Aku mengusap wajah untuk mengembalikan seluruh kesadaranku.
Bagaimana ini ...?
Sekarang, di depan sana, ibu sedang menatap ke arah kami dengan pandangan yang sulit diartikan.
Aduh ... kenapa bisa ketahuan begini ...!
Kupalingkan wajah ke samping, tak berani menatap ibu. Jantungku jangan ditanya bagaimana degupnya, cepat sekali. Seperti sedang menunggang kuda untuk pertama kali. Perasaan takut dan cemas kini mendominasi hati. Sungguh, kejadian ini tak pernah kubayangkan akan terjadi, di hari pertama pula.
Arrgghh! Matilah aku ...!
Tiba-tiba kakiku terasa seperti sedang dipijat, sontak kepala menoleh ke arah Chaca yang sedang tersenyum canggung.
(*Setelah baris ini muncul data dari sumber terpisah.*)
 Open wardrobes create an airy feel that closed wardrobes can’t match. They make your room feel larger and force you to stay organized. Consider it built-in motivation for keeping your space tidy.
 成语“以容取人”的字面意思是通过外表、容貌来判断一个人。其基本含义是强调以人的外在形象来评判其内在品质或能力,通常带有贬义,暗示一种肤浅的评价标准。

"Ma'ruf, kamu kok tega nyuruh Chaca mijitin kaki kamu. Dia kan juga capek, sama seperti kamu!" Suara ibu terdengar sedikit lebih keras dari biasanya.
Aku melihat ke arah ibu sebentar, kemudian beralih melihat Chaca kembali.
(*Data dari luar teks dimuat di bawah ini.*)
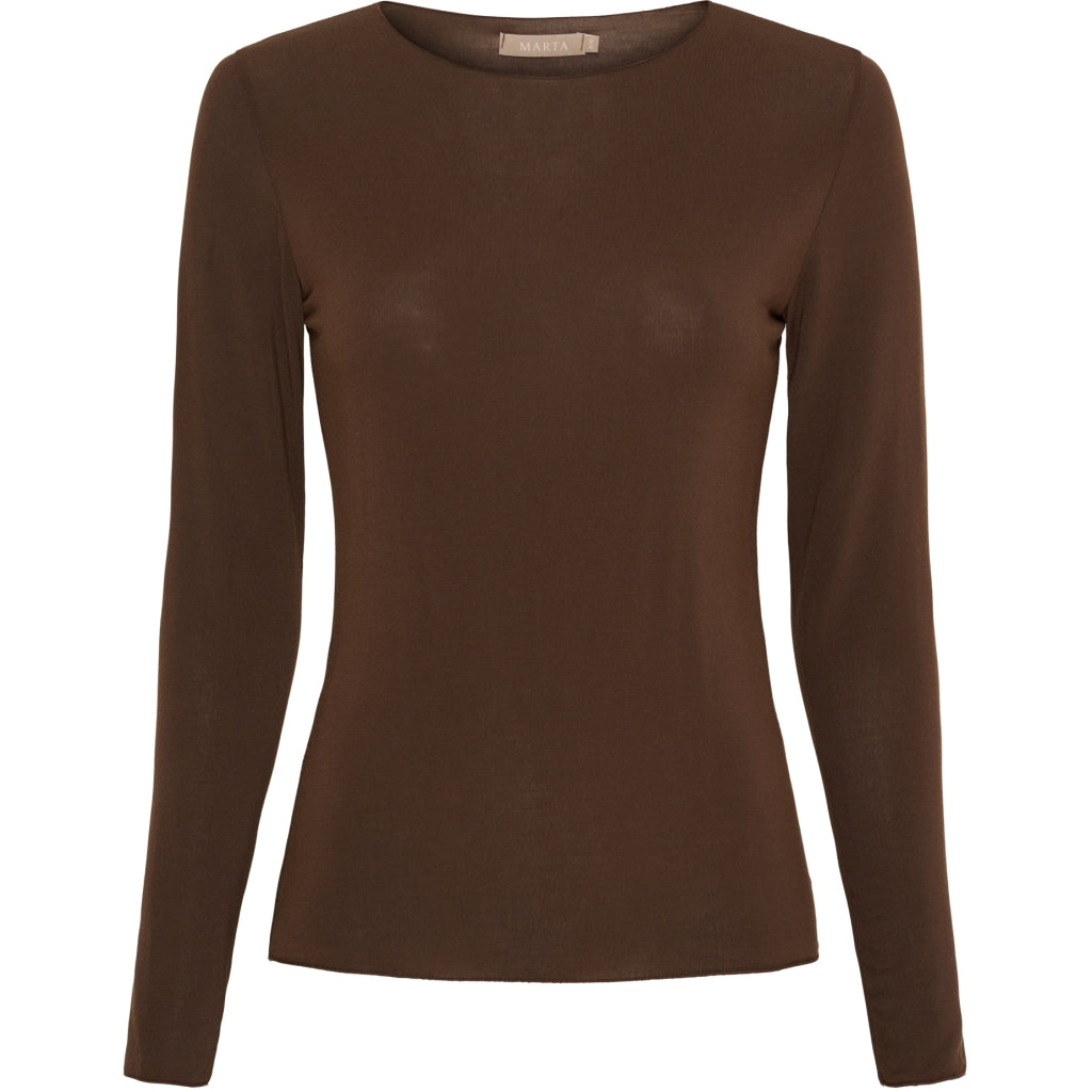 Langærmet t-shirt fra Marta du Château i blød modal. Perfekt under en strik kappe eller en vest. T-shirten er figursyet, så du får en flot facon.Mål:S/MLength: 62 cm.Chest: 100 cm.L/XLLenght: 65 cm.Chest: 104 cm.
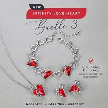 Show more Introducing the Leafael Infinity Love Heart Necklace, Stud Earrings, and Bracelet set, a stunning piece of jewelry crafted for the modern queen. Designed right in Boston, this exquisite set features the breathtaking Siam Ruby Red Birthstone Crystal, symbolizing love and passion for those born in July. With each piece embellished with delicate love heart stones, it exudes elegance and sophistication, making it a luxurious display of affection for any occasion. Whether dressing up for a special event or adding a touch of glam to everyday wear, this set is a must-have for every jewelry collection.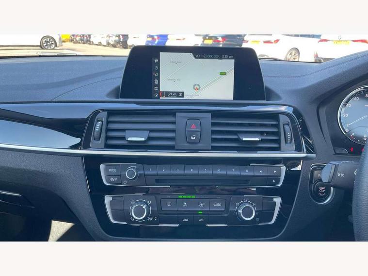 Automatic start/stop system, BMW Online services, BMW remote services, BMW Teleservices, Brake force display, Brake pad wear indicator in front and rear, Check Control warning system for monitoring of lights and door/luggage compartment open warning, Eco pro mode, Instrument cluster with speedometer with miles per hour read out, tachometer and fuel gauge, Lights on warning by audio warning signal when ignition is switched off, Oil temperature display via on board computer in instrument cluster, On board computer - average speed+fuel consumption, service interval, clock/date, odometer/trip meter, outside temperature display and ice warning, On board diagnostics, Optimum shift indicator, Personal Profile, Real time traffic information, Servotronic PAS, Speed limiter, Automatic transmission, Battery age recognition function, Drive Performance Control, BMW professional radio with CD player, DAB Digital radio, Body colour door handles, Body colour front and rear bumpers, Body colour roof mouldings, Clear lenses direction indicator lights, Dark chrome exhaust tailpipe, Daytime driving lights, Direction indicator side lights in exterior mirrors, Dynamic brake lights, Electrically adjustable heated door mirrors and washer jets, Follow me home headlights, Front air inlet with high gloss black finish, Front and rear bumper system with replaceable deformation elements, Front and rear electric windows with open and close fingertip control, anti trap facility and comfort closing, Green tinted heat protection glazing, Headlight beam throw control, Heated windscreen washer jets, High gloss black extra wide kidney grille with black vertical slats, High level third brake light, Lightweight engineering, Nearside reverse light in rear light cluster, Offside rear fog lights, Rain sensor including auto headlights activation, Rear bumper with high gloss black finish, Rear window aerial, Rear window wiper, Shark fin antenna, Visible VIN plate, Welcome lighting, 12V power socket in centre console, 12V power socket in passenger footwell, 60/40 split folding rear seat, Anthracite Velour front and rear floor mats, Conditioned based service, Four grab handles integrated in roof lining, Front and rear side armrest integrated into door trim, Front door sill finishers in BMW designation, Front folding sliding armrest with storage compartment, Front head restraints, Front sports seats with electric side bolster adjustment, Front storage compartment in centre console and in door trim, Front/rear courtesy lights with soft on/off dimming, Glove box handle with chrome surround, Glovebox, Interior light in front centre interior mirrors and rear centre auto interior light activation when door is opened when ignition switched off, Isofix child seat for two outer rear seats, Leather gear knob and handbrake grip, Luggage compartment access via BMW roundel, Manually adjustable steering column, Multi-function controls for steering wheel, Rear folding head restraints, Two cupholders with sliding cover and inlay mat, Two sills lashing eyes in the luggage compartment, 3 point seatbelts on all seats, front pyrotechnic belt tensioners, stopper and belt force limiters, rear coded belt buckles, Active differential brake (ADB), electronic differential lock in DSC-OFF mode, Airbags - Front driver and passenger, front and rear head, front side, curtain head protection, Anti lock braking system (ABS) with brake assist, Automatic Stability Control (ASC), Battery safety cut-off, BMW emergency call, Brake drying, Brake energy regeneration, Braking readiness, Cornering brake control (CBC), Crash sensor activating central locking release, hazard warning lights, Driver and front passenger seat belt security check, DSC+, Dynamic brake control, Dynamic Traction Control - DTC, Front passenger manual airbag deactivation, Front ventilated brake disc, Hill start assist, Rear brake discs, Rear child proof door locks, Side impact protection, Twin horns, Tyre pressure monitoring system, Warning triangle and first aid kit, Automatic drive away locking facility, Central locking switch for all doors, fuel filler cap and luggage compartment, Locking wheel bolts, Remote central locking with two Integrate key, one button for opening and closing all lock, open and close window, button for open luggage compartment, Remote control integrated key with red inset, Start/stop button with comfort go keyless engine start and auto start stop deactivation button, Thatcham Cat.1 alarm and immobiliser, Reduced rolling resistance tyres, Run flat tyres,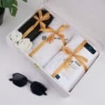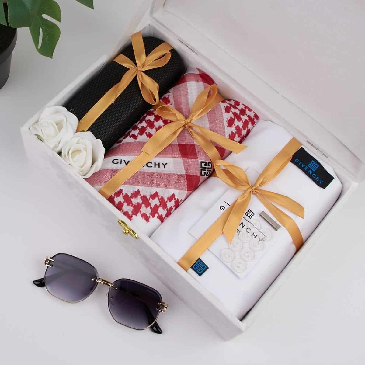 هدية رجالية  بوكس هدايا مع قماش بخيارات متنوعة، شماغ أصلي، ونظارة شمسية مع جميع الملحقات الأصلية. الهدية المثالية للمناسبات الخاصة بتغليف راقي وخيارات مخصصة.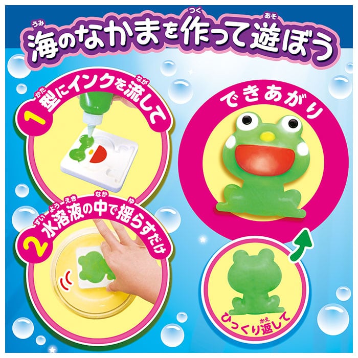 ・化学反応によってぷくっと固まる液体で作って遊ぼう♪6色のカラーインク入り「ぷにょぷにょシリーズ」が登場。(対象年齢6歳から)

"Gak apa-apa kok, Bu," ucap Chaca yang terus memijat betisku.
Seketika aku terdiam, mencoba mencerna apa yang sedang terjadi. Ah, untung saja Chaca bergerak cepat. Menyelamatkan keadaan yang genting ini. Kalau tidak, pasti di dalam ruangan ini sudah riuh dengan banyak orang yang akan menghakimi kami berdua.
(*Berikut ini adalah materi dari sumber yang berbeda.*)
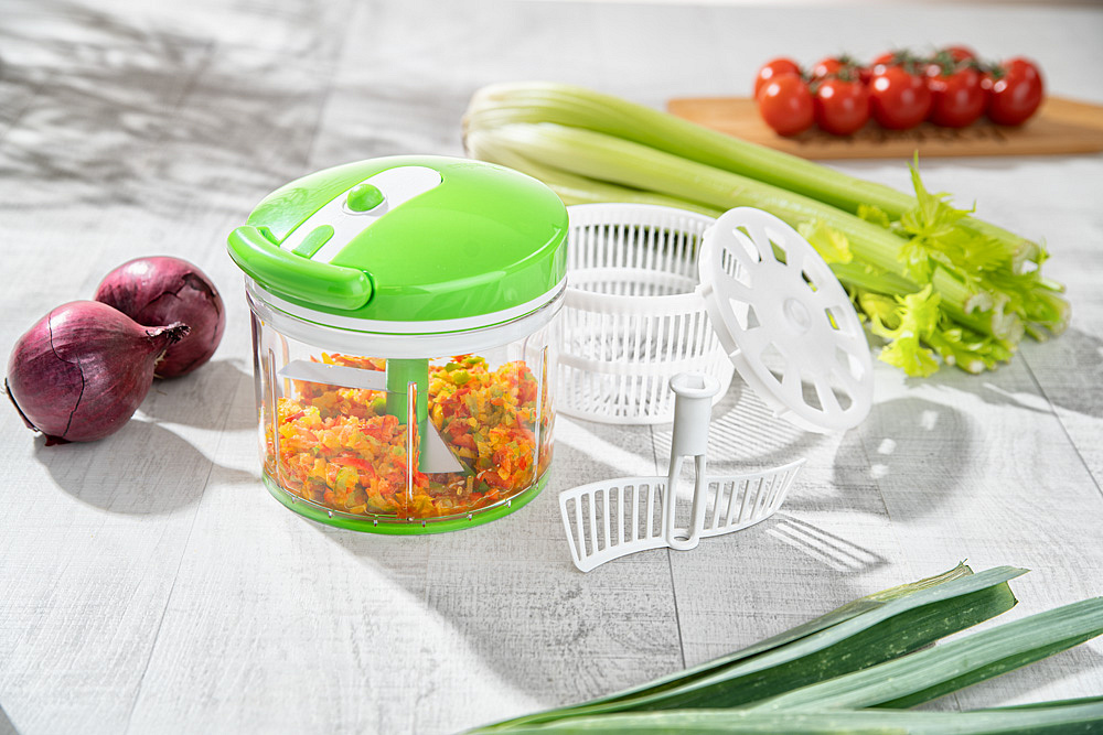 The handy Nicer Dicer Twist has different inserts for various preparations. This gives you an extra sharp blade insert with 3 blades for the best cutting results. With it you can chop, mix and puree. With the mixer insert you can easily whip cream and eggs and easily make the most delicious sauces and desserts. With the centrifuge insert, you can centrifuge small and delicate ingredients such as fresh herbs, lettuce, berries and much more.

Aku memamerkan senyum ke arah ibu, berharap agar ia tidak curiga. Agar sandiwara Chaca tidak ketahuan.
"Ya sudah, ini handphone-mu. Tadi ketinggalan!" ketus ibu. Tatapannya masih seperti tadi, mungkin masih kesal karena menyangka aku menyuruh Chaca memijat kakiku.
Ibu ... maafkan anakmu ini.
"Disimpan dekat situ saja, Bu. Mata Ma'ruf berat sekali," ucapku yang kembali merebahkan kepala di atas bantal.
Kulihat ibu memasuki kamar dan meletakkan ponselku di atas meja kecil dekat sofa. Lalu berdiri kembali menghadap ke arah kami berdua.
"Chaca, kamu kok cuma bengong?" Ibuku menginterogasi Chaca yang hanya duduk diam di samping kakiku. Sepertinya dia sekarang sedang tidur dengan mata terbuka lagi, seperti yang sering ia lakukan di jaman kuliah dulu. Aku menahan tawa saat melihatnya tersentak mendengar ucapan ibu.
"Eh, anu, Bu. Ini baru mau baring."
Perlahan Chaca merebahkan dirinya di sampingku tanpa bantal. Lengan kecilnya melingkar pas di pinggang, membuat debaran di dalam dada semakin kencang. Aku bahkan sampai menahan napas. Entah karena gugup, atau terlampau bahagia.
"Gitu, dong." Ibu tersenyum sambil berjalan menuju keluar kamar dan menarik pintu sampai tertutup.
Aku menarik napas lega. Tak hentinya mengucap syukur karena Allah masih menyelamatkan kami. Menyelamatkan pernikahan ini.
Cubitan Chaca di perut seketika menyentak kesadaranku kembali.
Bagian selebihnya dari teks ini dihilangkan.